Instructor guide

Basics

This is basically presented as-is - not much technical presentation is needed.

There are the following main acts:

  • First section is about social coding and sharing code and motivation for sharing code with a discussion that licensing alone isn’t enough. If you want people to use your work, you need to do more to make your work easily reusable.

  • Emphasis of the concept of derivative work and that everything is based on other things. And if your goal is citations, you want as many people using your work as possible, because then they can cite you.

  • Overview of license types. There are many online resources, and the biggest question is permissive vs. weak copyleft vs. strong copyleft. The cake analogy for licenses is only linked and can be skipped and does not have to be discussed in detail.
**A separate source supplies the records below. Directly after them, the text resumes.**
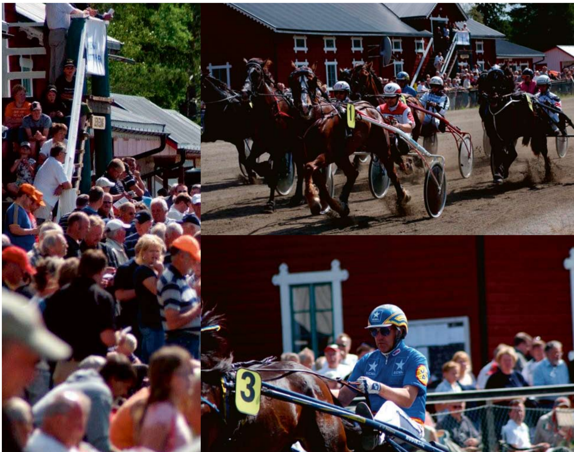
Texter: Bjarne Engholm Produktion: ÖstersundsTidningar Tryck: MittMediaPrint

Alla inblandade hoppas på en trevlig och värdmässigt bra åttadagarsvecka med mycket folk.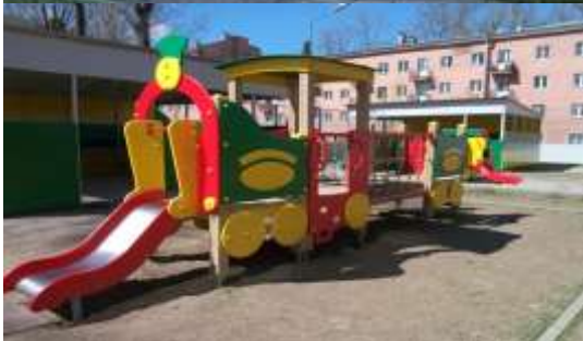
Спортивные площадки (2)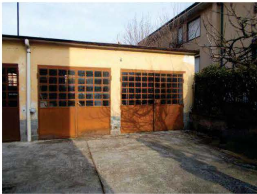
39. Vista esterna del box (primo da destra)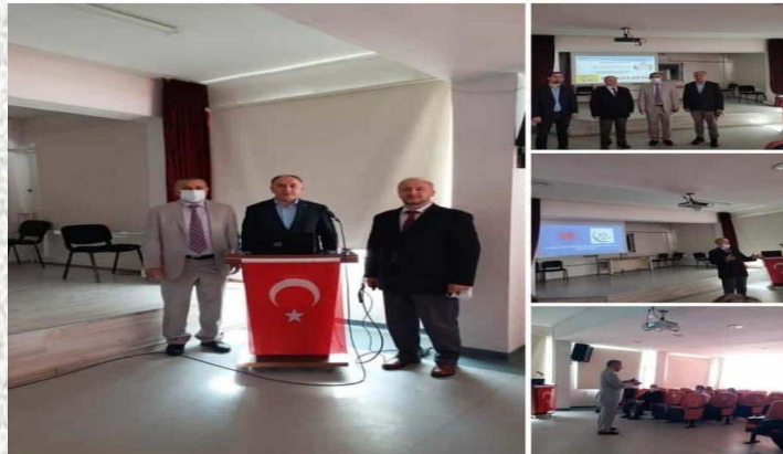
Vehbi Güzel Anaokulu

T.C. ÇUKUROVA REHBERLİK VE ARAŞTIRMA MERKEZİ; İlçemiz Vehbi Güzel Anaokulu velileri ve personeline yönelik "Mahremiyet Eğitimi, İhmal ve İstismar" ile "Adana Adli Destek Merkezi" konusunda seminer verdik. Bizi misafir eden okul yöneticileri ve rehber öğretmen arkadaşımıza teşekkür ederiz.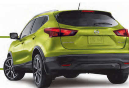
Qashqai SL Platine illustré*

HÂTEZ-VOUS! NOS 2017 PARTENT VITE, VRAIMENT VITE!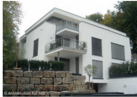
6100-1249 Mehrfamilienhaus (6 WE), TG (6 STP) Seite 434

NEUMEISTER & PARINGER ARCHITEKTEN BDA Landshut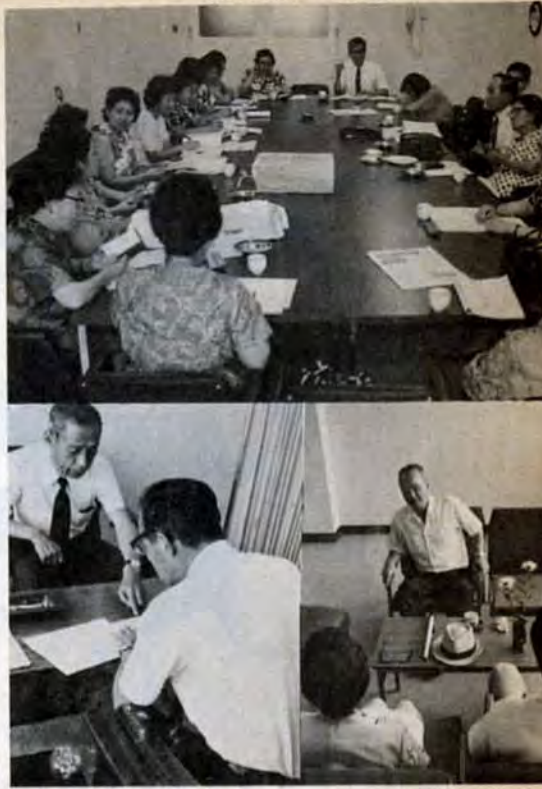
高年齢無料職業紹介所 身障者結婚相談所

  • Then a brief section on code citations. It’s good if you manage to start a discussion around this topic.

  • The “Sharing data” part is meant to bring awareness about FAIRness and Open Science and to show how DOIs can be obtained for Git repositories.

Hints

Before you begin, it’s worth thinking about some particular good or bad cases you know about from your experience.

  • When have you lost access or not been able to use something because licensing wasn’t handled well.

  • When did multiple ownership mess up your plans?

This talk used to be called “software licensing”. You could mention that to make it more interesting, we have adopted the current broader name, and our emphasis is not just licensing, but why licensing is needed.